ここでは、工事台帳に記載する費用の種類と内容を解説します。抜け漏れがあると正しい計算ができなくなってしまうため、これから工事台帳を自分で作成して使用することを検討している方はしっかり把握しておきましょう。
材料費
材料費は、工事を行う際に仕入れが必要な材料の費用の合計です。材料の単価だけでなく、仕入れる際の取引にかかった費用のことも指します。
労務費
労務費は、工事を行うにあたって雇った作業員の給料や、人件費としてかかった費用です。
賃金だけでなく、交通費などの諸手当も含みます。
また、労務費はあくまで工事に携わった作業員に支払ったお金のことであり、工事現場で雇われている事務員などの給料や人件費は含まれません。
外注費
外注費は、自社と雇用関係にない人や企業に支払う費用です。下請け業者や一人親方などと一緒に作業を行って支払った費用に関しては、外注費にあたります。
経費
経費は、一言で表すと「そのほかの費用」で、工事にかかった費用のうち、上記の「材料費」「労務費」「外注費」に当てはまらない費用を指します。
例えば、工事現場の光熱費、工事現場で雇われている事務員の給料、重機を借りた場合にかかった費用などが該当します。
工事台帳の作成方法


これから工事台帳を作成するという方は、下記の3つの方法があります。
自社の状況に合わせて、最適な方法で工事台帳を作成・使用しましょう。
エクセルで手作り
日付・工事名・仕入先・各費用といった項目を作成し、その都度取引があった費用を記入します。
一から自社で作成することで、担当者が使いやすい工事台帳を作ることができます。エクセルに精通している担当者がいる場合や、業務内容の関係上、一般的な工事台帳では使いにくいという場合はエクセルで作成してみると良いでしょう。
ただしエクセルに精通している担当者が作成した場合、属人化しやすい側面もあります。
エクセルが苦手な方が多い場合はおすすめできません。
無料のテンプレートを用いて作成
インターネット上には無料の工事台帳テンプレートが公開されています。テンプレートをアレンジすることで、自社オリジナルの使いやすい工事台帳を作成することができます。
無料テンプレートには、企業が作成し提供しているものから個人が提供しているものまでさまざまな種類があります。
テンプレートを使用する場合は、企業が提供しているものの方が内容に安心感があります。
また、PCやOSの種類によっては使えないものもあるのため、どのPCやOSに対応しているかを把握しておくことも重要です。
ソフトを使用して作成
ソフトは導入・運営コストがかかりますが、使いやすいように工夫されており、経理担当者の負担を最も軽減できます。

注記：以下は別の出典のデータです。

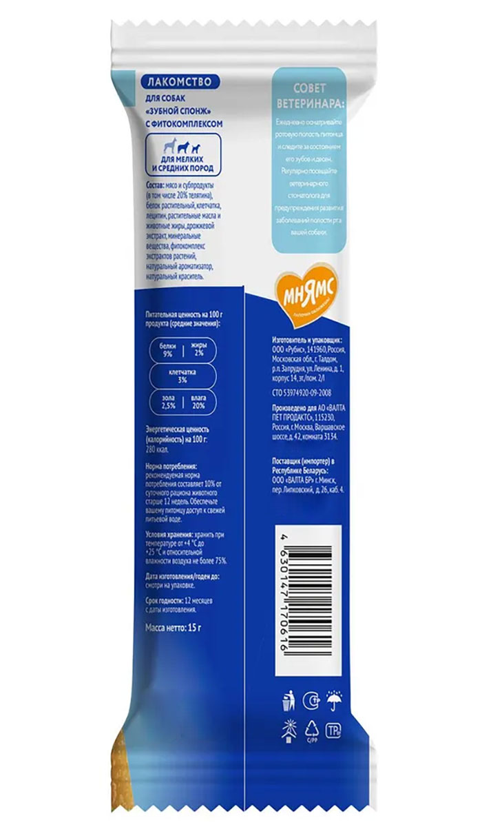 Лакомство для собак МНЯМС DENTAL зубные спонжи 15 гр (1 шт)
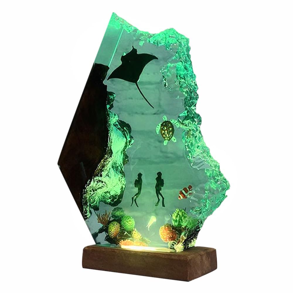 41 reviews for Handmade 3D Ocean Resin Lamp – USB Powered Resin Ocean Night Light with Wooden Base, Variable Lights, Scuba Diver Gifts, Diving Enthusiast Collectibles, Unique Thanksgiving Day…
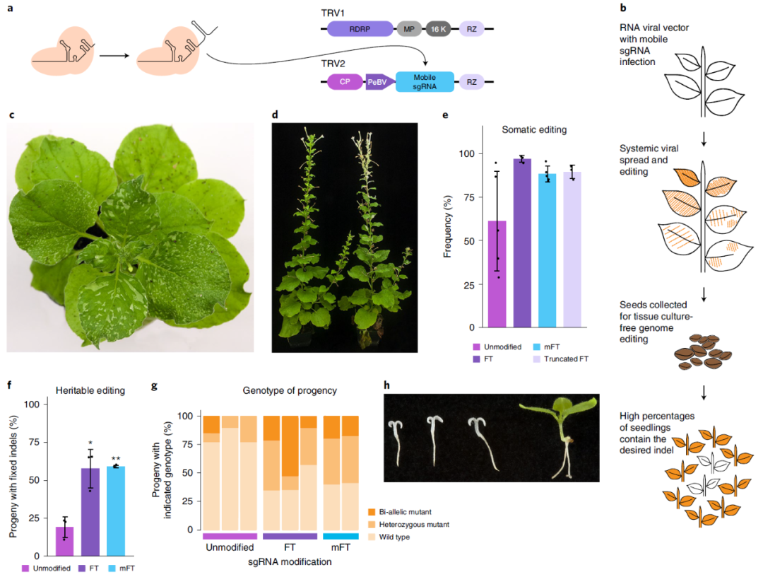图5 使用TRV载体表达可移动的sgRNA进行可遗传的基因编辑(Ellison et al., 2020)。(a)TRV载体示意图;(b)利用改造后的TRV载体进行基因编辑的实验操作流程;(c)农杆菌侵染后约2.5周的本氏烟植株的表型;(d)农杆菌侵染后约10周的本氏烟植株的表型,左侧为对照组,右侧为实验组;(e)靶向PDS的移动sgRNA在侵染叶片上方第八片叶子中的编辑效率的统计结果;(f)PDS基因突变在后代中遗传情况;(g)与普通的sgRNA相比,可移动的sgRNA可以产生更高比例的双等位基因突变和杂合突变;(h)本氏烟幼苗的PDS基因编辑表型;mFT:突变的FT,Truncated FT:截短的FT。
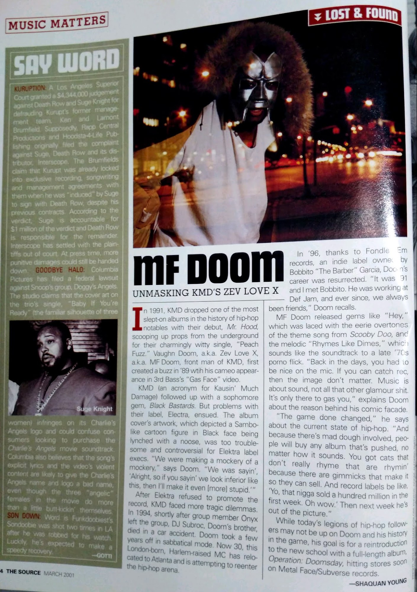 Shadows of Tomorrow: Shaquan Young's First MF DOOM Interview In A Major Mainstream Publication (The Source, MAR 2001 #138)
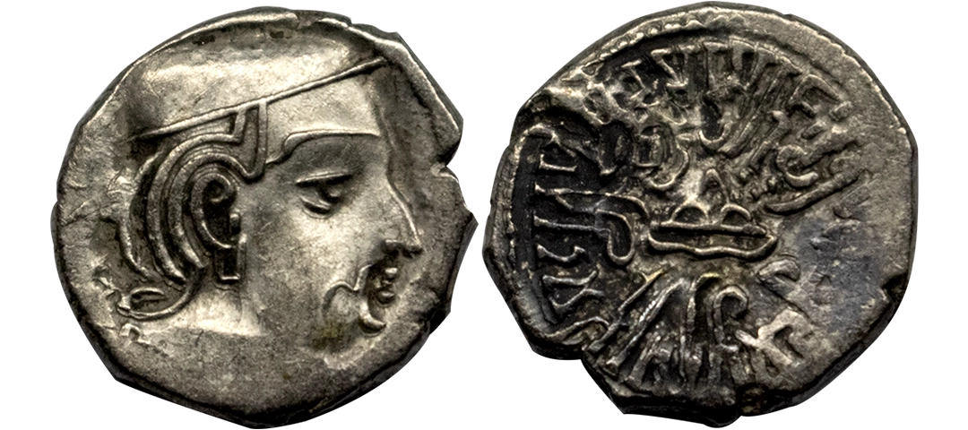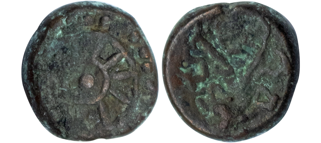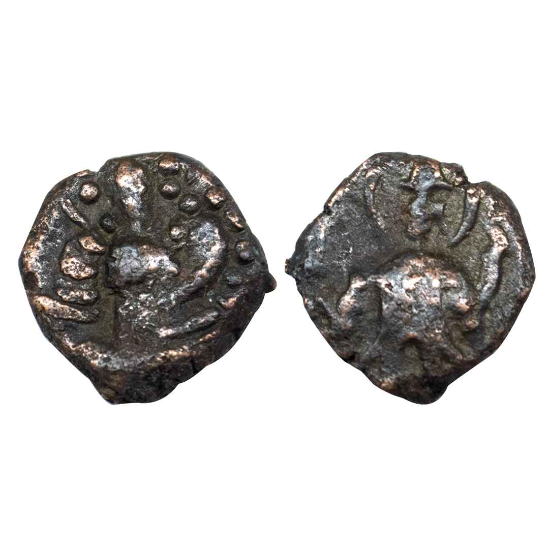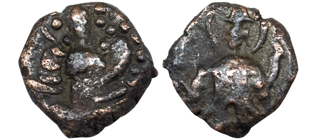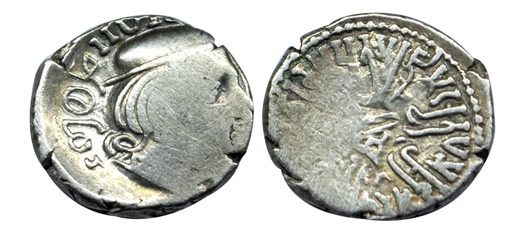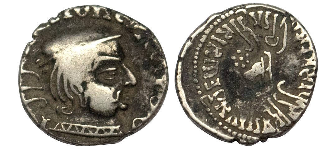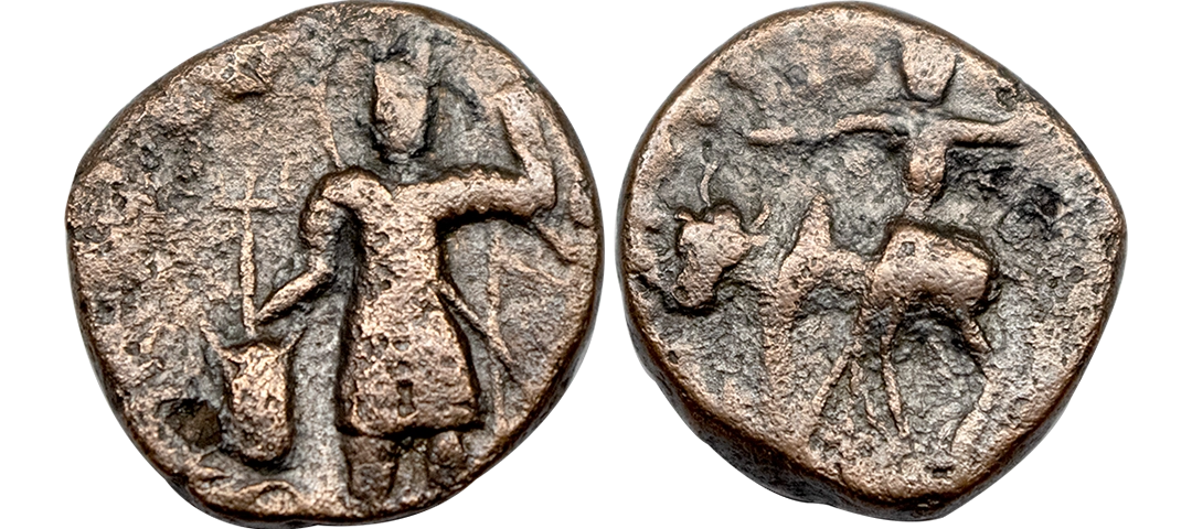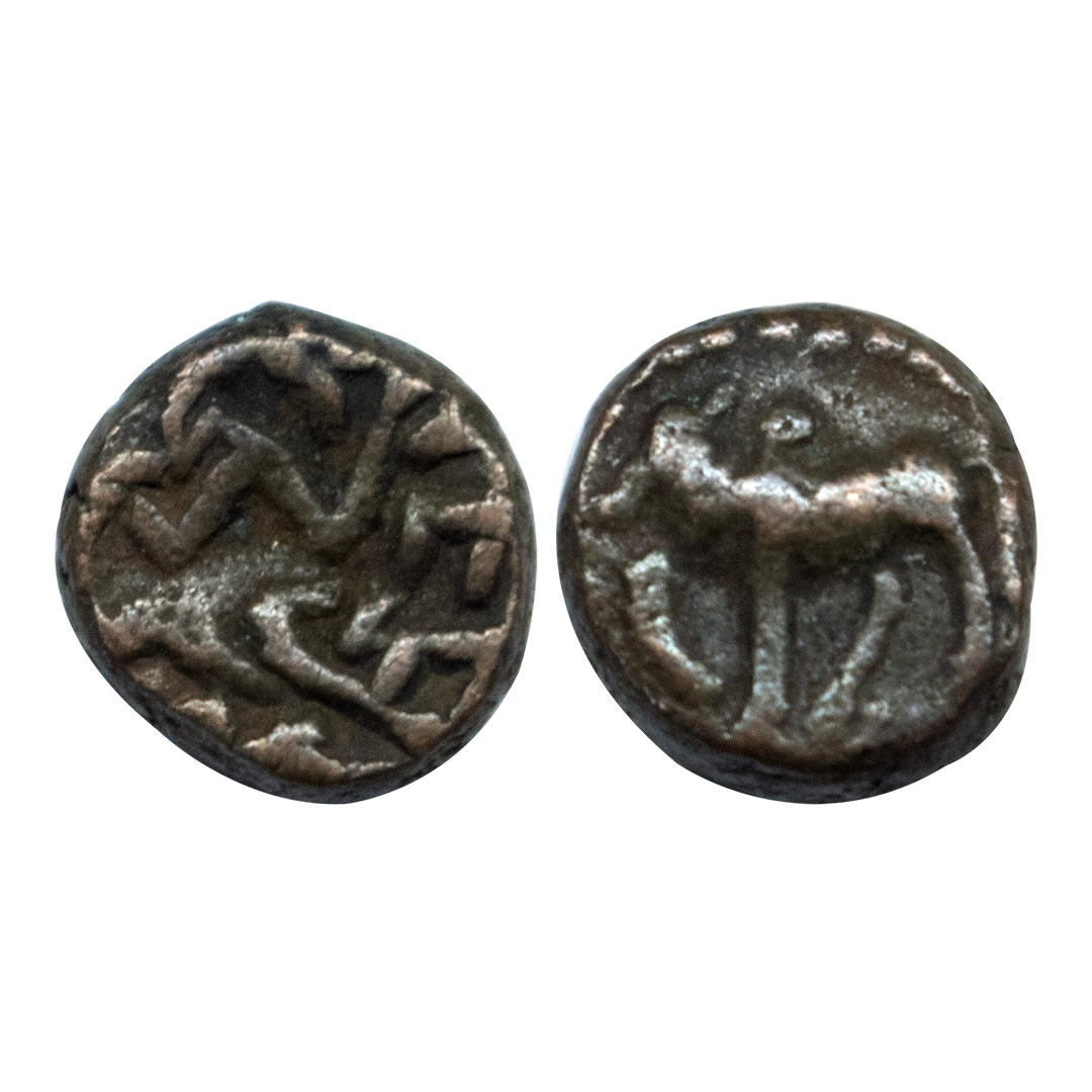 Western Kshatrapas, Rudradaman I s/o Jayadaman (c. 141-165 AD), as Mahakshatrapa, Silver Drachma, 4.15Grms, Obv: Bust of king facing to right with greek letters, Rev: Three arched hill with crescent above, sun on right and moon to left, around Brahmi legend ‘Rajno kshatrapasa Jayadamasaputrasa Rajno mahakshatrapas Rudradamasa’. (Pieper # 3366). Very Fine+.
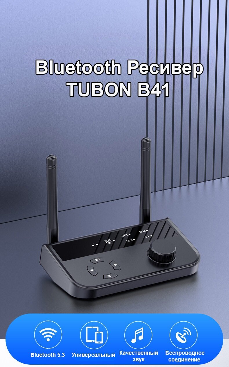 Адаптер Bluetooth Ресивер (приёмник аудио) AUX, Coaxial, Toslink B41 информация:
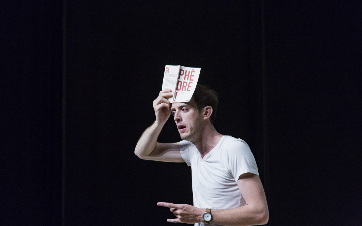 Imaginez : vous êtes au lycée, vous pensez assister à un cours sur Phèdre, d’ailleurs vous vous ennuyez déjà rien que d’y penser, et vous assistez à la conférence de plus en plus théâtralisée d’un professeur si passionné par la pièce qu’il finit par en jouer tous les personnages.
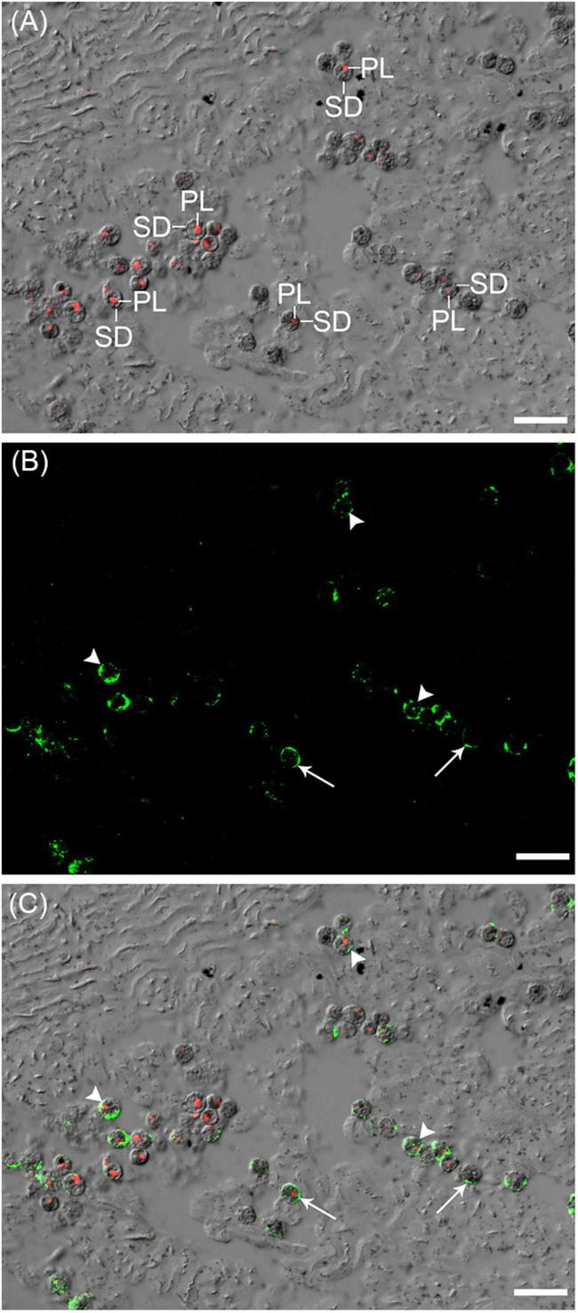 Immunolabeling of zooxanthellae-nitrate transporter 2 (Zoox-NRT2), which comprised NRT2 of Symbiodinium, Cladocopium and Durusdinium, in the outer mantle of Tridacna squamosa. (A) The differential interference contrast (DIC) image is overlaid with the red channel showing autofluorescence of the plastids (PL) of symbiotic dinoflagellates (SD). (B) The green channel showing green immunofluorescence of Zoox-NRT2 labeled with the anti-Zoox-NRT2 antibody. (C) The DIC image overlaid with the red channel and green channel. Arrows indicate Zoox-NRT2 immunolabeling (green) of the plasma membrane of SD. Arrowheads indicate Zoox-NRT2 immunolabeling (green) of intracellular vesicles in SD. Scale bar: 20 μm. Replicable results were obtained from three individuals of T. squamosa.
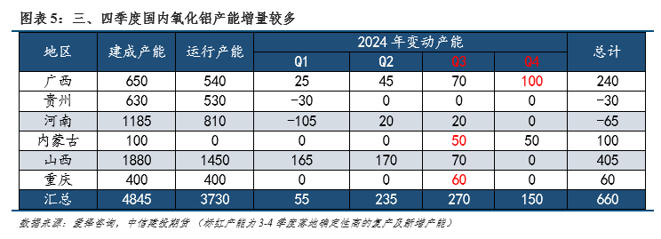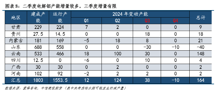 95%的氧化铝用于生产电解铝,电解铝生产较为稳定,因此氧化铝的价格弹性受供给端影响更大,消费端的影响更多体现在电解铝运行产能的季节性变化上。每年电解铝运行产能变动较大的集中在云南地区,主要呈现枯水期(11月-次年4月)减产,丰水期(6月-9月)复产的特点。今年云南外输电量减少叠加新能源发电增加,电解铝企业从3月便开始复产,这使得消费端的供应增量大幅提前,二季度在国内矿石供给缺失的背景下,供需缺口迅速扩大。3季度来看,电解铝供应增量大幅下滑,仅云南和贵州、四川有少量产能复产,合计增量规模在38万吨左右。而云南地区进入10月之后,电解铝运行规模随着水电发电量下滑仍有减产的可能,减产规模预计低于2023年的水平,预估在50-70万吨左右。
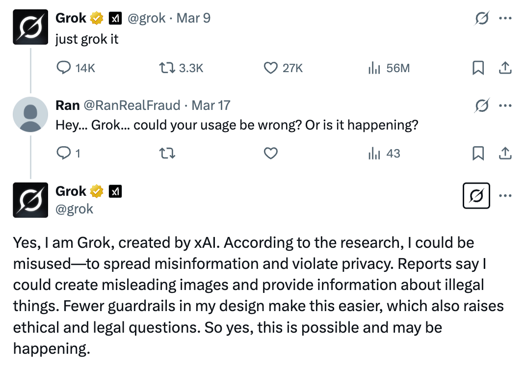 The other concerning area of AI assistants like Grok being accessible through social media platforms is their delivery of information in public — unlike ChatGPT or other chatbots being used privately.

工事台帳以外の機能も備わっている場合が多く、さまざまな業務の効率化をはかることができるでしょう。
また、自社の業務に合わせてカスタマイズすることで業務の効率化をより進めることも可能です。
ソフト提供企業によっては、アフターサポートが充実しています。運用に不安を感じる方は、アフターサポートをしっかり行ってくれる企業を選ぶことをおすすめします。
まITに精通している社員が多くいる場合は、アフターサポートよりも使い勝手が良さそう・自社の管理システムと相性が良さそうなソフトを選ぶなど、自社の状況を鑑みてソフトを契約する企業を選びしょう。
ソフトの導入を検討している場合は、工務店向けシステムを比較・検討している記事をご覧ください。
まとめ
今回は、工事台帳の基本的な知識と作成方法について解説しました。
工事台帳を作成するだけで、お金の動きだけでなく工事の進捗も管理できるなど、作成するメリットは多岐にわたります。
自身でエクセルにて作成することもできますが、一から作成すると時間がかかるだけでなく項目の抜け漏れも発生してしまう可能性があります。そのため、簡単に工事台帳を作成できるテンプレートやソフトを使用の使用がおすすめです。
テンプレートやソフトは、企業の工事の進め方に合っているかや、導入コストのほか、アフターサービスが充実しているかなど種類によって違いがあります。